Yoga
for Back Pain.
Tadasana (Mountain Pose)
1. Stand straight and look straight ahead.
2. The heels and big toes of the tow feet should touch each other.
3. Keep the hands by the side of the thighs.
4. Tighten the elbows and stretch the arms downwards.
5. Draw the shoulders backwards to broaden the chest.
6. Raise the heels and stretch the arms overhead with palms facing each other.

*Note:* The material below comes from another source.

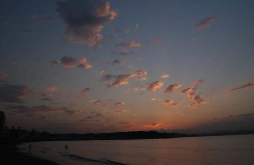 今日の湘南は晴れ。昨日の夕焼けほどは焼けなかったが、少しだけ朝焼けになった。朝の撮影は一ヶ月ぶりになるが、しばらく撮らないうちに太陽のあがる位置がだいぶ南へ移った。

Paschimothanasana (Forward Bend)
1. Sit with the head, neck and back in a straight line. Stretch the legs
together in front of the body with the back of the knees flat on the
ground.
2. As you inhale, bring both the arms over the head, stretching them up
alongside the ears. Stretch the spine.
3. Exhale and bend forwards form the hips. Try to catch hold of the toes
as the chest is brought down towards the thighs. If the toes cannot
be reached, grasp the ankles, or the shins. Hold the position for at
least 10 seconds, gradually increasing to about 1 minute.
4. As you inhale, let go of the toes and stretch the arms and body up (see step 2)
5. Repeat 3-5 times.
Vajrasana
1. Fold the right leg and bring the right heel under the right buttock.
2. Then, fold the left leg and bring the left heel under the left buttock.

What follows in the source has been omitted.